Feature Engineering can simply be defined as the process of creating new features from the existing features in a dataset. Let’s consider a sample data that has details about a few items, such as their weight and price.
Now, to create a new feature we can use Item_Weight and Item_Price. So, let’s create a feature called Price_per_Weight. It is nothing but the price of the item divided by the weight of the item. This process is called feature engineering.
This was just a simple example to create a new feature from existing ones, but in practice, when we have quite a lot of features, feature engineering can become quite complex and cumbersome.
Let’s take another example. In the popular Titanic dataset, there is a passenger name feature and below are some of the names in the dataset:
- Montvila, Rev. Juozas
- Graham, Miss. Margaret Edith
- Johnston, Miss. Catherine Helen “Carrie”
- Behr, Mr. Karl Howell
- Dooley, Mr. Patrick
These names can actually be broken down into additional meaningful features. For example, we can extract and group similar titles into single categories. Let’s have a look at the unique number of titles in the passenger names.
1: Which of the following data types is immutable in Python?
It turns out that titles like ‘Dona’, ‘Lady’, ‘the Countess’, ‘Capt’, ‘Col’, ‘Don’, ‘Dr’, ‘Major’, ‘Rev’, ‘Sir’, and ‘Jonkheer’ are quite rare and can be put under a single label. Let’s call it rare_title. Apart from this, the titles ‘Mlle’ and ‘Ms’ can be placed under ‘Miss’, and ‘Mme’ can be replaced with ‘Mrs’.
Hence, the new title feature would have only 5 unique values as shown below:
So, this is how we can extract useful information with the help of feature engineering, even from features like passenger names which initially seemed fairly pointless.
“Experience the power of our web development course with a free demo – enroll now!”
Why is Feature Engineering required?
The performance of a predictive model is heavily dependent on the quality of the features in the dataset used to train that model. If you are able to create new features which help in providing more information to the model about the target variable, it’s performance will go up. Hence, when we don’t have enough quality features in our dataset, we have to lean on feature engineering.
As explained in this article, smart feature engineering was instrumental in securing a place in the top 5 percentile of the leaderboard. Some of the features created are given below:
- Hour Bins: A new feature was created by binning the hour feature with the help of a decision tree
- Temp Bins: Similarly, a binned feature for the temperature variable
- Year Bins: 8 quarterly bins were created for a period of 2 years
- Day Type: Days were categorized as “weekday”, “weekend” or “holiday”
Creating such features is no child’s play – it takes a great deal of brainstorming and extensive data exploration. Not everyone is good at feature engineering because it is not something that you can learn by reading books or watching videos. This is why feature engineering is also called an art. If you are good at it, then you have a major edge over the competition.
Automating Feature Engineering
Analyze the two images shown above. The left one shows a car being assembled by a group of men during early 20th century, and the right picture shows robots doing the same job in today’s world. Automating any process has the potential to make it much more efficient and cost-effective.
Building machine learning models can often be a painstaking process.

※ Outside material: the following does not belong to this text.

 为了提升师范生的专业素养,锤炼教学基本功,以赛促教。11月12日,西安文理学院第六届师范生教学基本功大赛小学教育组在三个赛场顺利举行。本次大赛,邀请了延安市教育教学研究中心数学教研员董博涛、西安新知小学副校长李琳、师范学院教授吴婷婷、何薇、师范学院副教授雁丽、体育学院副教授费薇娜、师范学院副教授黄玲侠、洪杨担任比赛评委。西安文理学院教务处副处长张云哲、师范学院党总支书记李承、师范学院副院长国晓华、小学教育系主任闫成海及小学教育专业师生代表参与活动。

It involves many steps so if we are able to automate a certain percentage of feature engineering tasks, then the data scientists or the domain experts can focus on other aspects of the model.
Now that we have understood that automating feature engineering is the need of the hour, the next question to ask is – how is it going to happen? Well, we have a great tool to address this issue and it’s called Featuretools.

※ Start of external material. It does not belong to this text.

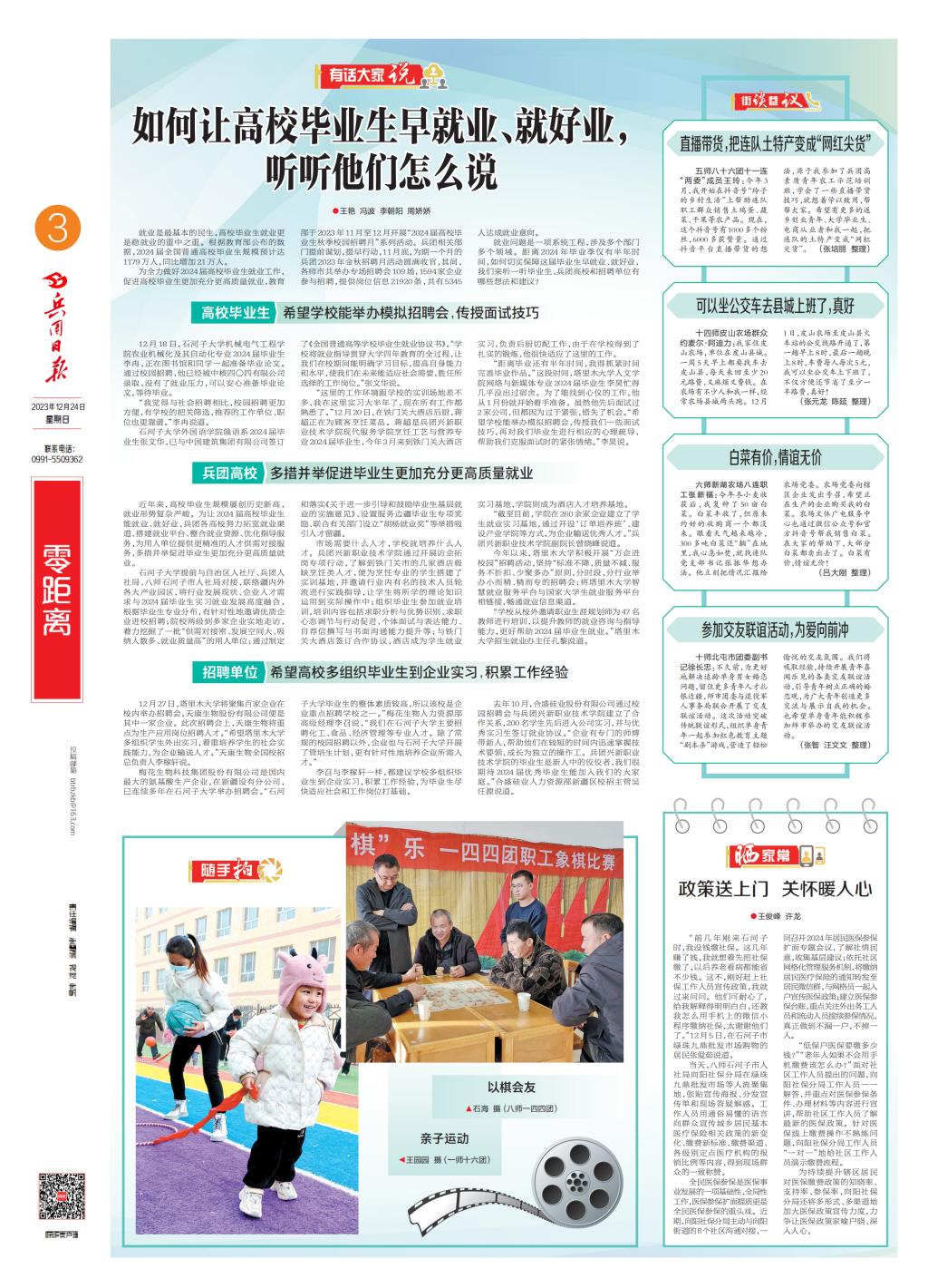 就業問題是一項系統工程,涉及多個部門多個領域。距離2024年畢業季僅有半年時間,如何切實保障這屆畢業生早就業、就好業,我們來聽一聽畢業生、兵團高校和招聘單位有哪些想法和建議?
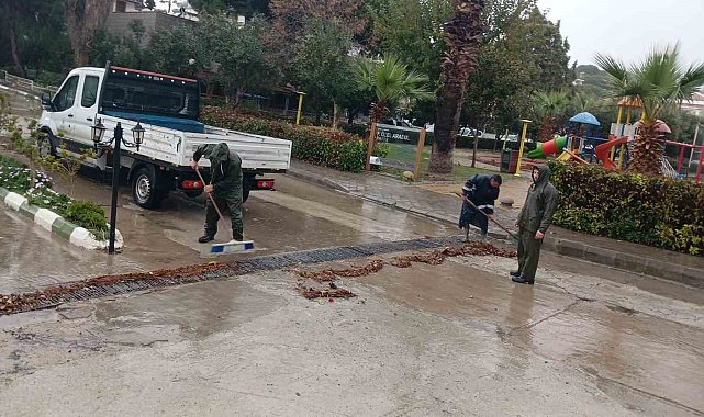 Kent genelinde etkili olan sağanak yağışa karşı teyakkuza geçen Aydın Büyükşehir Belediyesi ve ASKİ ekipleri, gece gündüz demeden çalışmalarını sürdürerek vatandaşların can ve mal güvenliğini sağlarken, muhtemel su basmalarının önüne geçilmesi amacıyla yapraklar veya çöpler nedeniyle tıkanan mazgallarda temizlik çalışması gerçekleştirdi.

Introduction to Featuretools
Featuretools is an open source library for performing automated feature engineering. It is a great tool designed to fast-forward the feature generation process, by giving more time to focus on other aspects of machine learning model building. In other words, it makes your data “machine learning ready”.
Before taking Featuretools for a spin, there are three major components of the package that we should be aware of:
- Entities
- Deep Feature Synthesis (DFS)
- Feature primitives
a) An Entity can be considered as a representation of a Pandas DataFrame. A collection of multiple entities is called an Entityset.

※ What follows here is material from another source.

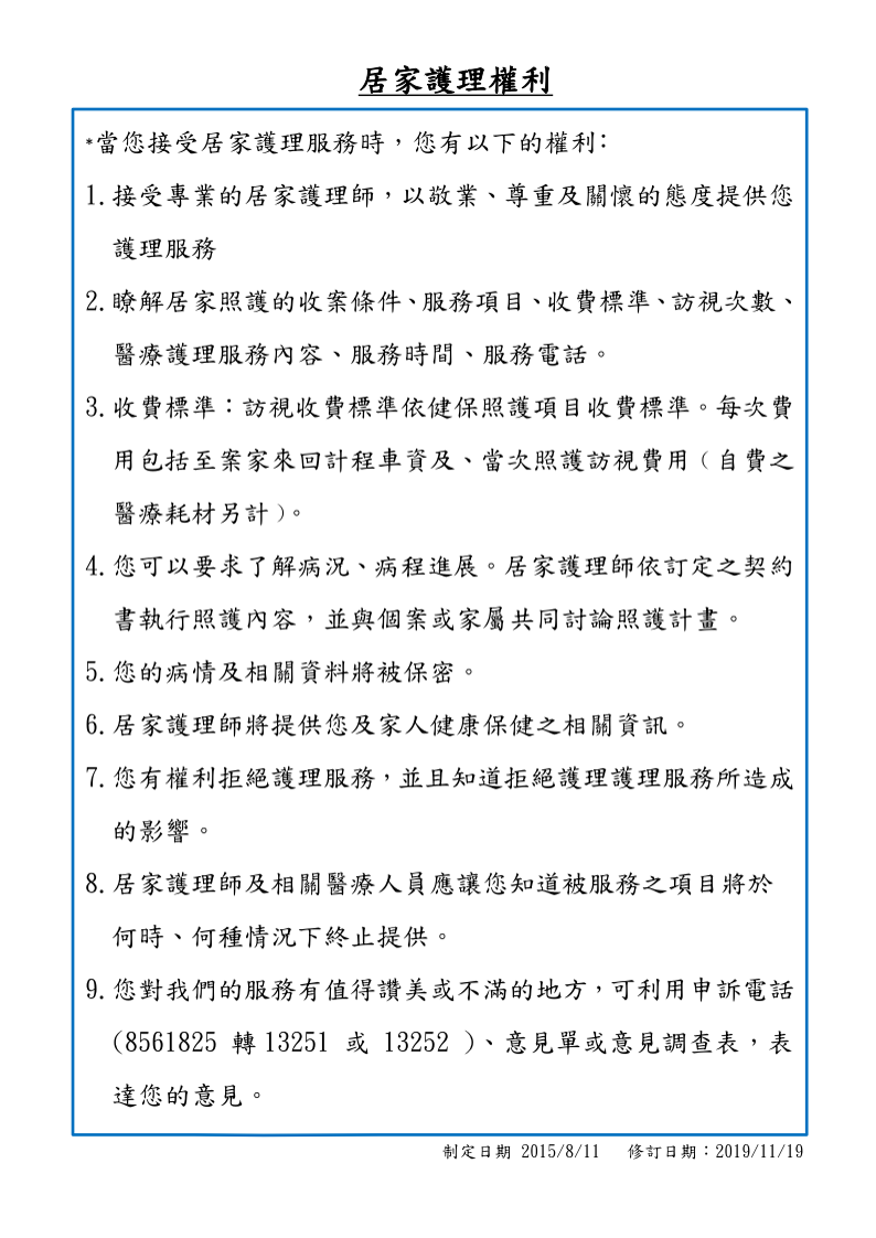居家護理權利與義務
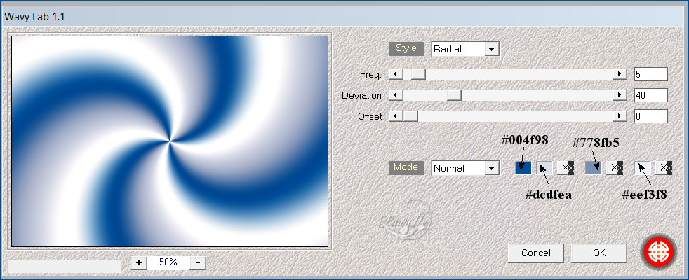 Radial / 5 40 / 0 / couleurs/ #004f98/#dcdfea/#778fb5/#eef3f8

b) Deep Feature Synthesis (DFS) is actually a Feature Engineering method and is the backbone of Featuretools. It enables the creation of new features from single, as well as multiple dataframes.
c) DFS create features by applying Feature primitives to the Entity-relationships in an EntitySet. These primitives are the often-used methods to generate features manually. For example, the primitive “mean” would find the mean of a variable at an aggregated level.
The best way to understand and become comfortable with Featuretools is by applying it on a dataset.
“Get hands-on with our python course – sign up for a free demo!”
Implementation of Featuretools
The objective of the BigMart Sales challenge is to build a predictive model to estimate the sales of each product at a particular store. This would help the decision makers at BigMart to find out the properties of any product or store, which play a key role in increasing the overall sales. Note that there are 1559 products across 10 stores in the given dataset.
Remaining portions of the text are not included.